The explosions would have sounded unison to a human.  To me, they were each distinctive with my dragon hearing.  The concussive wave widened the hole already there, distorting the bricks that still managed to stand.  Dust swirled.  Blown free, a large number of bricks hit the concrete floor with multiple
clomps;
bouncing, scraping, and tumbling freely. 

A lot of the old mortar was blown out, and some of the chapel flooring from overhead.  I heard beams and boards splintering, falling. The LED lantern fell and skidded over to me, but kept working. The thing was built tough.  I picked it up and waited, letting the dust settle a bit.

A few minutes later. Pickax in hand, I went back in, kicking fallen boards out of my way, dodging splinters.  I could now look up into the sanctuary and see the ceiling.  None of the ghost lights swarmed in to complain, but I apologized to the badly damaged corpses for the noise. 

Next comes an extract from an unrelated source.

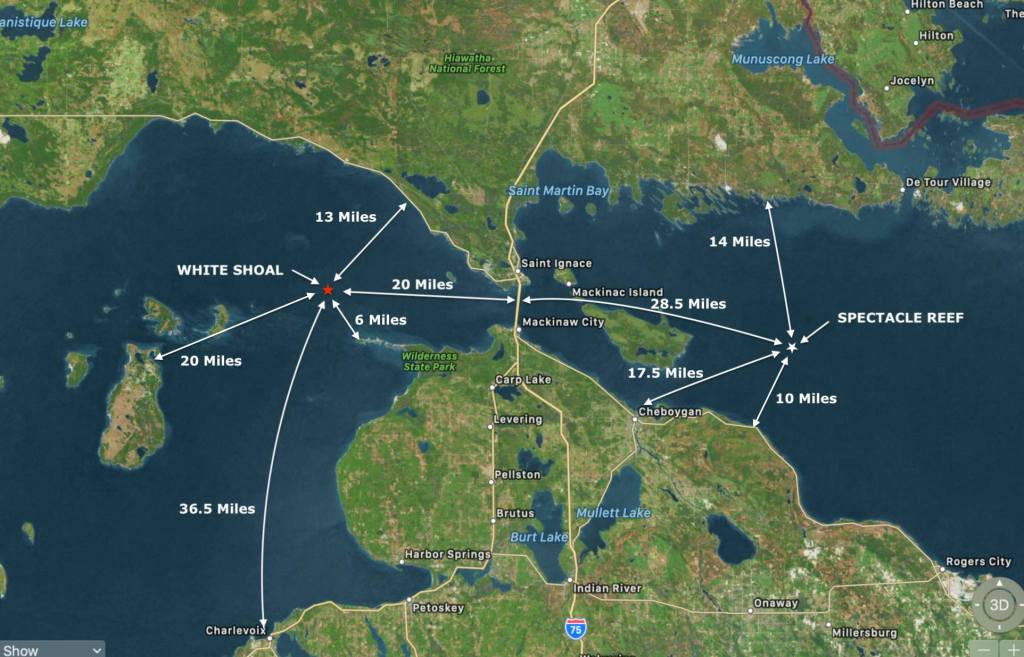 “White Shoal Lighthouse,” Seeing the Light, last modified February 22, 2004, http://www.terrypepper.com/lights/michigan/whiteshoal/whiteshoal.htm.
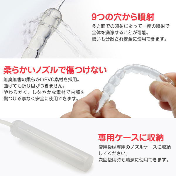 ノズルは無臭無害の柔らかいPVC素材を採用。

The inner wall had a hole of its own now, one I widened with the pickax, dislodging bricks that were ready to fall.  I pushed through, entering the rest of the basement that I had seen in my dream.  It smelled of hard, damp mold and dust.  I expected worse.  The not-so-bad quality of the air told me there was another way in to here.

Of course there is.
 

In the dream, I remembered the naga coming from dark shadows beyond the girls’ make-shift altar.  He hadn’t appeared by magic, it had just seemed so.  There ought to be a naga entrance, a tunnel to slither through.

Pickax leaning against one shoulder, lantern in hand, I went forward.  The trappings from the dream were gone.  The place had been given a makeover by someone with snakes for brains; snakes were a reoccurring motif.  An under-ceiling of stone had been added, supported by a row of columns along the walls.  The C4 hadn’t damaged a thing in here. The columns had carved snakes winding around them, each pillar an oversized, wingless caduceus.  The concrete floor was hidden as well, layered by green and white marble tiles.

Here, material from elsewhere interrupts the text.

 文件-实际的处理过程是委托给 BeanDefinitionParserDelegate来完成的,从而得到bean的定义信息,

I went on to a stone altar.  The thing looked to be one piece, chiseled green stone: not jade, tourmaline, I decided.  The top edges of the sides had a six-inch strip of carved figures: snake and half-snake males engaged in energetic sexual exploits. 

Staring across the altar, I saw the back wall.  Framed between two square block columns was an intricate statue of a behemoth twin-hydra snake.  There were nine heads connected to a vertical body.  The body branched near the floor, forming a profusion of swirling, intertwined tails that could just as easily have been knotted roots.  The central head was female with rubies for eyes.  Her mouth was open, baring fangs.  A rippling tongue protruded, polished garnet.  Smaller rubies formed lines down her checks, tears of blood. 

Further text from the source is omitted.